» Working data:

● ● ● ●

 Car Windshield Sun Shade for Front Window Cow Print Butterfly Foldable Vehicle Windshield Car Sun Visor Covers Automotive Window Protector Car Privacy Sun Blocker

● ● ● ●

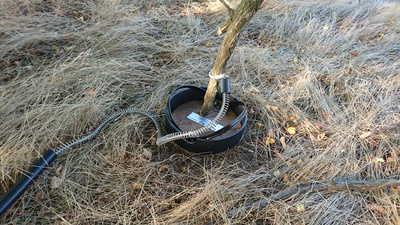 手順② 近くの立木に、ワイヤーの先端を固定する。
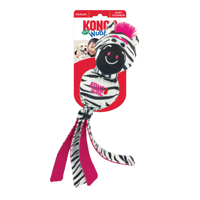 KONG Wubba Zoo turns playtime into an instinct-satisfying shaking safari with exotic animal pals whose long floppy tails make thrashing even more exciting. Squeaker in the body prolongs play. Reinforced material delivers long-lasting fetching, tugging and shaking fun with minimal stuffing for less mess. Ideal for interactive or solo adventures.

● ● ● ●

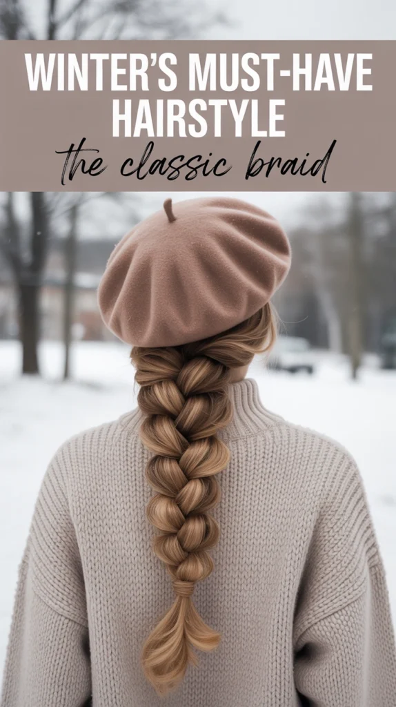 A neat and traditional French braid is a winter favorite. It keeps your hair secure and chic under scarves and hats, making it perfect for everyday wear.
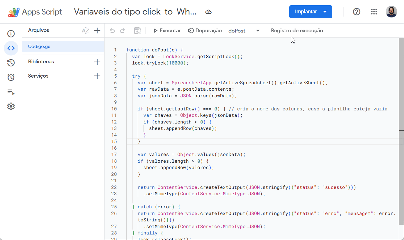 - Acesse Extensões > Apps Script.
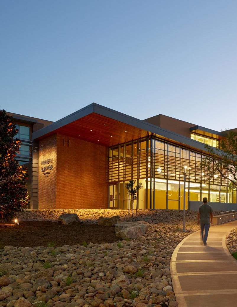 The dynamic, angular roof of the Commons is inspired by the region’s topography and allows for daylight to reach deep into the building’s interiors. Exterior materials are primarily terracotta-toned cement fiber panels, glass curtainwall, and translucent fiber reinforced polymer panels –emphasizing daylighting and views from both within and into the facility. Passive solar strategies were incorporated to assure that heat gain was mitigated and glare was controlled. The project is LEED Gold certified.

● ● ● ●

» Problem details:
Leave out every picture, and copy exactly the lines above starting at the one holding "手順② 近くの立木に、ワイヤーの先端を固定する。" and ending at the one holding "KONG Wubba Zoo", no more and no less.

» Response to the exercise:
 手順② 近くの立木に、ワイヤーの先端を固定する。
 KONG Wubba Zoo turns playtime into an instinct-satisfying shaking safari with exotic animal pals whose long floppy tails make thrashing even more exciting. Squeaker in the body prolongs play. Reinforced material delivers long-lasting fetching, tugging and shaking fun with minimal stuffing for less mess. Ideal for interactive or solo adventures.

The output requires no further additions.